Council Regulation (EU) No 1024/2013 of 15 October 2013 conferring specific tasks on the European Central Bank concerning policies relating to the prudential supervision of credit institutions (OJ L 287, 29.10.2013, p. 63).
Regulation (EU) No 2018/1725 of the European Parliament and of the Council of 23 October 2018 on the protection of natural persons with regard to the processing of personal data by the Union institutions, bodies, offices and agencies and on the free movement of such data, and repealing Regulation (EC) No 45/2001 and Decision No 1247/2002/EC (OJ L 295, 21.11.2018, p. 39).

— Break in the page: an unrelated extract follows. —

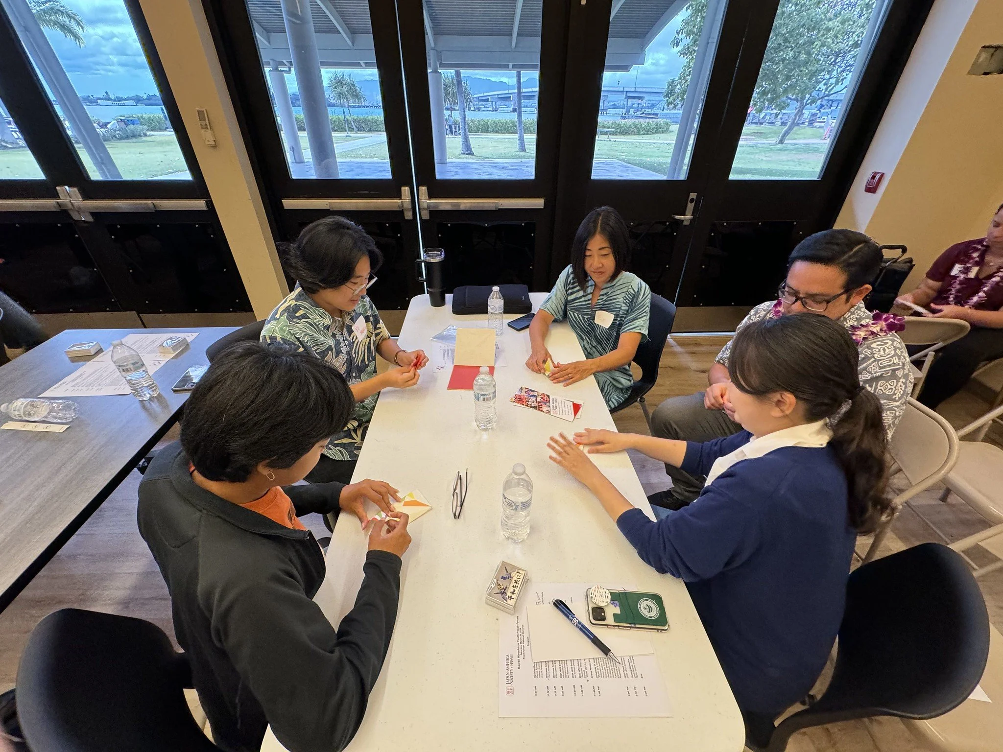 Everyone participating in the hands-on activity of folding and stringing orizuru peace cranes

Decision (EU) 2020/655 of the European Central Bank of 5 May 2020 adopting implementing rules concerning data protection at the European Central Bank and repealing Decision ECB/2007/1 (ECB/2020/28) (OJ L 152, 15.5.2020, p. 13)..
Personal data of NCB/NCA staff members may be included in files/emails submitted to the ECB by NCBs/NCAs, at the discretion of the respective NCB/NCA.
Personal data include a person’s first name(s) and surname, date of birth, birthplace, address, nationality, signature, ID card number, passport number, telephone number and email address.
Employment data include a person’s profession, employer and function.
Financial data include salary statements, bank accounts and securities portfolios.
For further information on the term “relevant Union law” please see the web page on important legal information.